The object loaded contains all the necessary information in order to make a call to the loading function loadObservations
, including station codes, geolocation and details on the variable names, units ... :
> str(di)
List of 3
$ Stations :List of 4
..$ station_id : chr [1:6] "SP000008027" "SP000008181" "SP000008202" "SP000008215" ...
..$ LonLatCoords : num [1:6, 1:2] -2.04 2.07 -5.5 -4.01 -1.86 ...
.. ..- attr(*, "dimnames")=List of 2
.. .. ..$ : chr [1:6] "SP000008027" "SP000008181" "SP000008202" "SP000008215" ...
.. .. ..$ : chr [1:2] "lon" "lat"
..$ times :List of 3
.. ..$ startDate: POSIXlt[1:1], format: "1979-01-01"
.. ..$ endDate : POSIXlt[1:1], format: "2012-12-31"
.. ..$ timeStep :Class 'difftime' atomic [1:1] 24
.. .. .. ..- attr(*, "units")= chr "hours"
..$ other.metadata:List of 4
.. ..$ altitude : int [1:6] 251 4 790 1894 704 90
.. ..$ location : chr [1:6] "SAN SEBASTIAN - IGUELDO" "BARCELONA/AEROPUERTO" "SALAMANCA AEROPUERTO" "NAVACERRADA" ...
.. ..$ WMO_Id : int [1:6] 8027 8181 8202 8215 8280 8410
.. ..$ Koppen.class: chr [1:6] "Cfb" "Csa" "BSk" "Csb" ...
$ Variables :'data.frame': 3 obs. of 4 variables:
..$ variable : Factor w/ 3 levels "precip","tmax",..: 1 3 2
..$ longname : Factor w/ 3 levels "maximum daily temperature",..: 3 2 1
..$ unit : Factor w/ 2 levels "0.1 degC","0.1 mm": 2 1 1
..$ missing.code: Factor w/ 1 level "NaN": 1 1 1
$ Summary.stats: NULL
Note that the last element of the inventory, named {{{Summary.stats}}} is NULL. Bt default, the inventory will return the basic information, but setting the argument {{{return.stats}}} to TRUE will return also a table summarizing the characteristics of the data (percentage of missing data, mean, min and max values):
> di2 <- dataInventory("inst//datasets//observations//GSN_Iberia", return.stats= TRUE)
[2014-06-03 09:51:18] Doing inventory ...
[2014-06-03 09:51:19] Done.
> di2$Summary.stats
$missing.percent
precip tmin tmax
SP000008027 0.6 2.3 4.2
SP000008181 0.7 1.7 1.1
SP000008202 0.5 4.5 0.8
SP000008215 0.6 2.7 2.3
SP000008280 0.5 17.8 4.1
SP000008410 0.9 10.1 6.0
$min
precip tmin tmax
SP000008027 -0.3 -10.0 -3.5
SP000008181 0.0 -7.2 0.0
SP000008202 0.0 -12.0 -1.4
SP000008215 0.0 -17.5 -11.0
SP000008280 0.0 -13.4 -1.8
SP000008410 0.0 -8.2 0.0
$max
precip tmin tmax
SP000008027 93.0 25.2 38.6
SP000008181 175.1 26.8 37.4
SP000008202 50.3 22.0 41.0
SP000008215 111.8 20.6 31.8
SP000008280 146.6 23.4 42.0
SP000008410 154.3 27.0 46.6
$mean
precip tmin tmax
SP000008027 1.2266499 10.621573 16.58673
SP000008181 1.5895889 11.803554 20.44687
SP000008202 1.0108198 5.791200 18.73546
SP000008215 1.5650255 3.303088 10.94361
SP000008280 0.9700607 7.756689 20.23754
SP000008410 1.5544916 11.311057 24.63882
The function loadObservations
is the interface to acces observational datasets.

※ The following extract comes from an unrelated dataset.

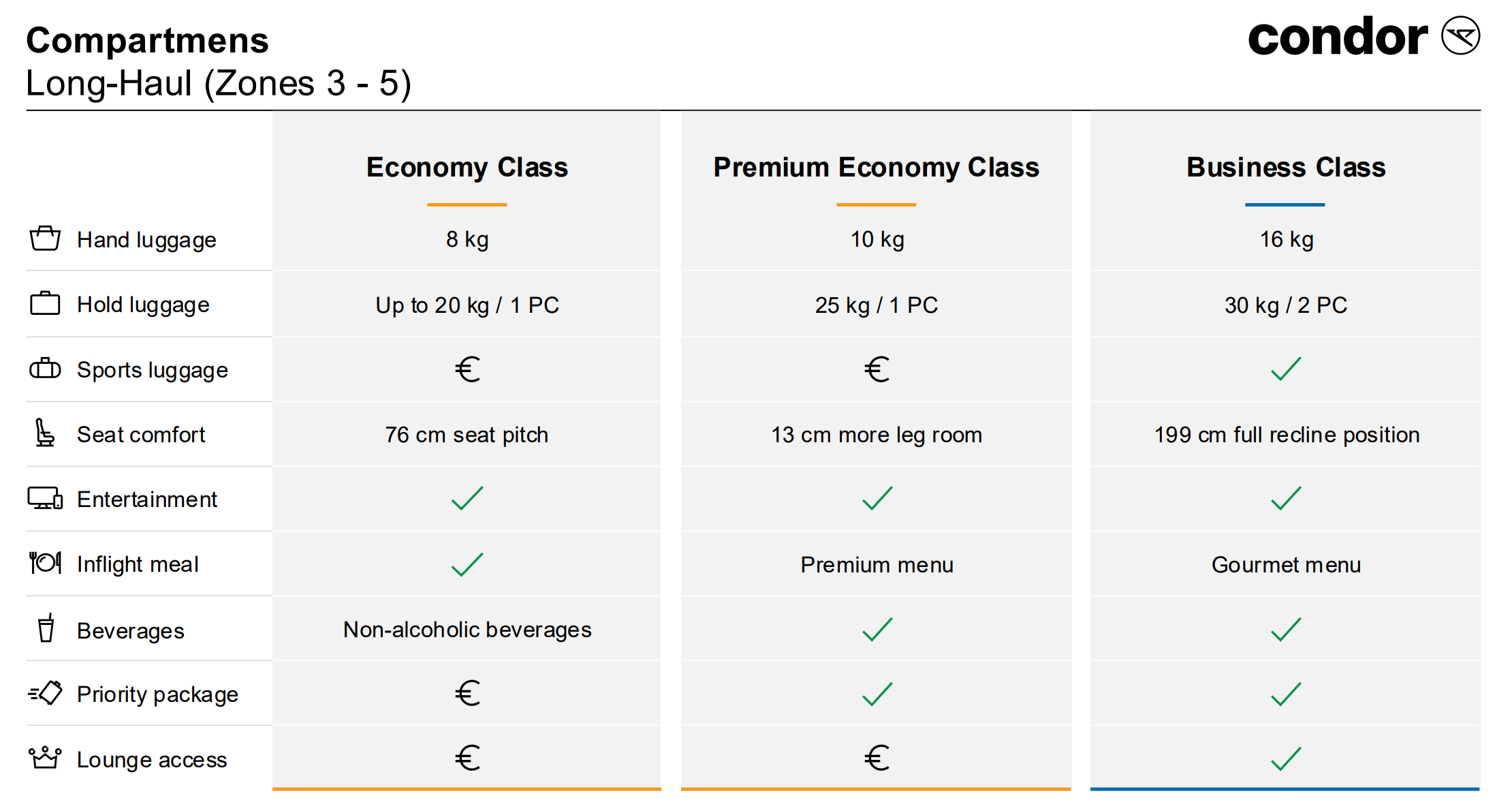 | Make your traveler's experience even more enjoyable. Our Premium Economy Class offers additional legroom and wider seats for a comfortable journey. Find more space for relaxing, as well as exclusive cabin features such as tasty meals, premium snacks, and a complimentary drink. Only available on long haul flights, this upgrade will guarantee a unique flying experience. | | | | | | | Take the flying experience to the next level with an upgrade to Business Class. This premium class provides superior comfort with additional legroom, wider seats, and exclusive cabin features. Enjoy delicious meals, premium snacks, and drinks, and much more. | | | | | | | Experience the Difference: Our Best Seats on the Plane | In the front row of the Airbus A330neo, four exclusive seats for even more first-class comfort with special extras - our Prime Seats. Here, enjoy a larger reclining seat with expanded legroom. For even more convenience, a special travel kit and cozy pajamas are available. | The Prime Seat is perfect for traveling as a couple, because your travel companion can sit in the opposite seat. The shared table in the middle invites you to eat, play or work. On the over 24-inch screen, you can enjoy our entertainment program in 4K resolution. With the included Internet package, you'll stay online the whole time. | | | | | | | | | |

There are several ways in which observations data can be queried. The most common cases are next presented.
Given the station codes provided by the inventory, it is possible to retrieve a time series for a selected station or several time series for several stations directly by the identification codes. This will load summer temperature data (JJA) for the period 1981-2000 for two stations: Albacete - Los Llanos and Cordoba - Aeropuerto:
> example1 <- loadObservations(source.dir="inst//datasets//observations//GSN_Iberia", var="tmax", stationID = c("SP000008280", "SP000008410"), season = 6:8, years = 1981:2000)
[2014-06-03 10:13:30] Loading data ...
[2014-06-03 10:13:30] Retrieving metadata ...

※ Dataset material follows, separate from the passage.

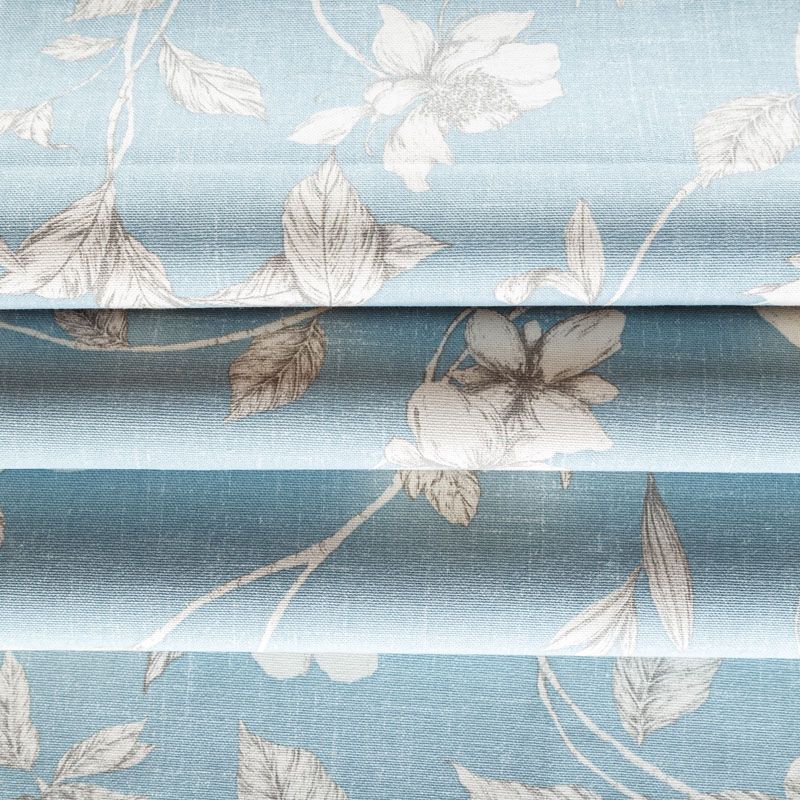 Хлопковая портьерная ткань английского производителя. На голубой текстурированной основе нанесен изящный растительный принт в черно-белой гамме. Ткань средней плотности, прекрасно держит форму, драпируется в устойчивые складки. Подойдет для классических портьер, римских штор, покрывал, подушек, скатертей, салфеток и других элементов текстильного интерьера как в самостоятельном исполнении, так и качестве компаньона к однотонным варинтам.

[2014-06-03 10:13:30] Done.
> str(example1)
List of 6
$ variable : chr "tmax"
$ station_id : chr [1:2] "SP000008280" "SP000008410"
$ LonLatCoords: num [1:2, 1:2] -1.86 -4.85 38.95 37.84
..- attr(*, "dimnames")=List of 2
.. ..$ : chr [1:2] "SP000008280" "SP000008410"
.. ..$ : chr [1:2] "longitude" "latitude"
$ time :List of 2
..$ Start: POSIXlt[1:1840], format: "1981-06-01" "1981-06-02" "1981-06-03" "1981-06-04" ...
..$ End : POSIXlt[1:1840], format: "1981-06-02" "1981-06-03" "1981-06-04" "1981-06-05" ...
$ metadata :List of 4
..$ altitude : int [1:2] 704 90
..$ location : chr [1:2] "ALBACETE LOS LLANOS" "CORDOBA AEROPUERTO"
..$ WMO_Id : int [1:2] 8280 8410
..$ Koppen.class: chr [1:2] "BSk" "Csa"
$ Data :'data.frame': 1840 obs. of 2 variables:
..$ SP000008280: num [1:1840] 27.4 26.6 23.2 26.4 30.2 33.6 34.6 35.6 35 32.4 ...
..$ SP000008410: num [1:1840] 26.8 26.8 26.4 31 33.6 35.6 37.4 37 36.6 39.6 ...
This is an example plot of the time series returned. Note that time is defined by lower and upper time bounds, rather than one single verification date:
> plot(example1$time$Start, example1$Data$SP000008410, ty = 'l', col = "blue")
> lines(example1$time$Start, example1$Data$SP000008280, ty = 'l', col = "red")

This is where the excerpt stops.